=== Instructions to follow ===
What is needed is an exact copy of the lines from the line holding "Modern goose wallpaper" through the end of the material, with no other lines and no pictures.

=== Collected material ===
━━━━━━━━━━

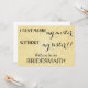 Este belo "5" x 7" será a minha dama de honra? Isto é melhor para a noiva. Se você está pedindo a alguém para ser sua dama de honra para seu futuro casamento, então por que não escolher essas cartas de dama de honra. Este cartão de convite personalizado fará com que seu amigo, primo-irmã, sobrinho, filha ou qualquer outro que você escolher sinta isso especial. Este convite é facilmente personalizado clicando no botão Personalizar sob a imagem onde você poderá alterar o texto, a fonte e o tamanho. Você pode convidar seus melhores amigos em estilo com estes convites clássicos. É adequado para a florista, a madrinha de casamento ou para a matrona de honra. Envie-lhes este cartão da dama de honra.
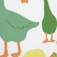 Modern goose wallpaper with lots of green and yellow geese in different poses.
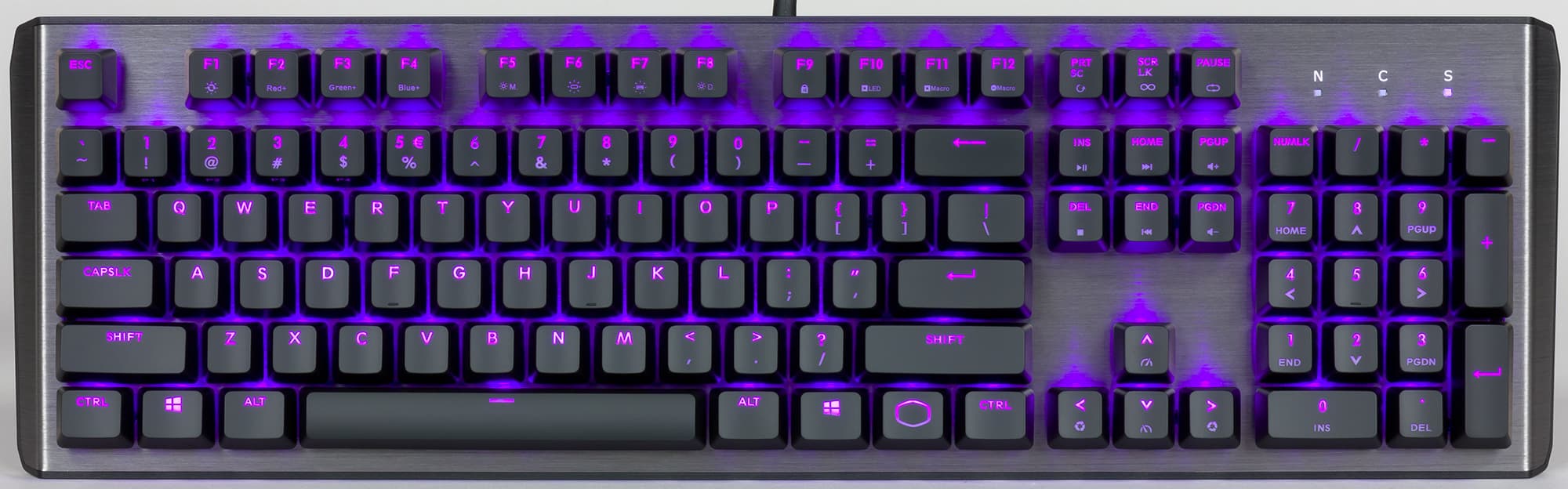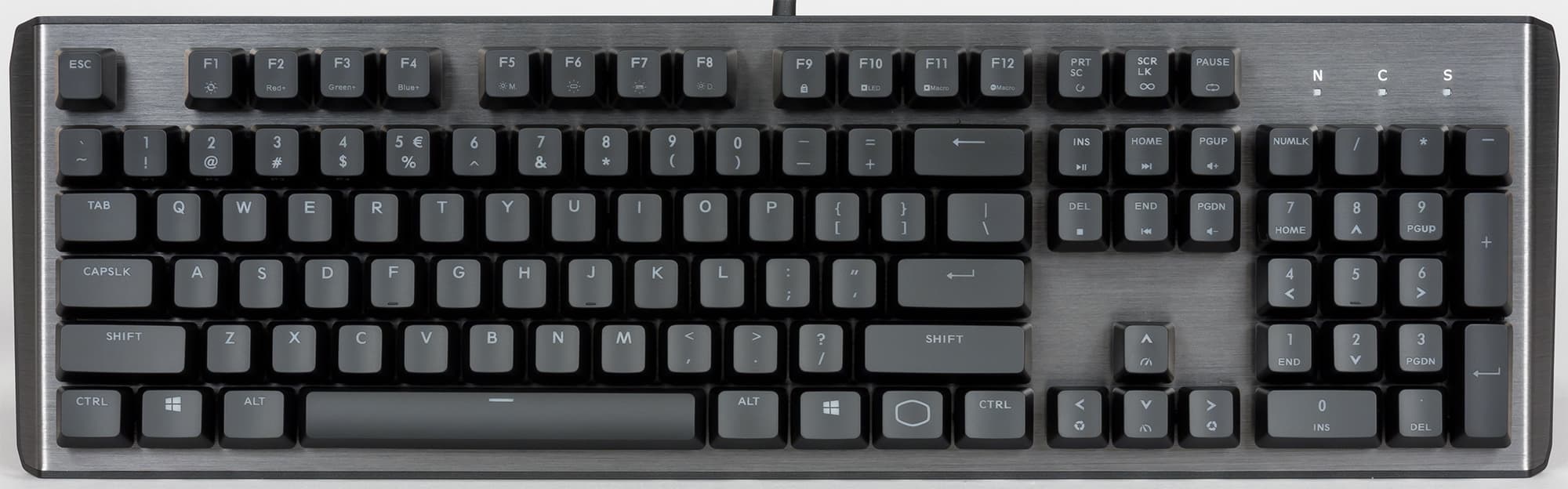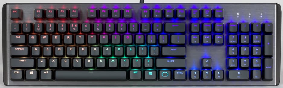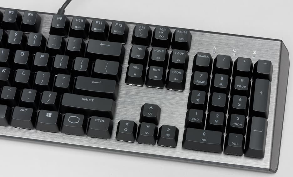 Количество клавиш — 104, компоновка стандартная, клавиша Enter однорядная. Расстояние между колпачками и их размер также стандартные и подразумевают возможность кастомизации (выделение WASD-блока, к примеру). В правом верхнем углу расположена индикаторная группа (Scroll Lock, Num Lock и Caps Lock).

━━━━━━━━━━

=== Result of this exercise ===
 Modern goose wallpaper with lots of green and yellow geese in different poses.
 Количество клавиш — 104, компоновка стандартная, клавиша Enter однорядная. Расстояние между колпачками и их размер также стандартные и подразумевают возможность кастомизации (выделение WASD-блока, к примеру). В правом верхнем углу расположена индикаторная группа (Scroll Lock, Num Lock и Caps Lock).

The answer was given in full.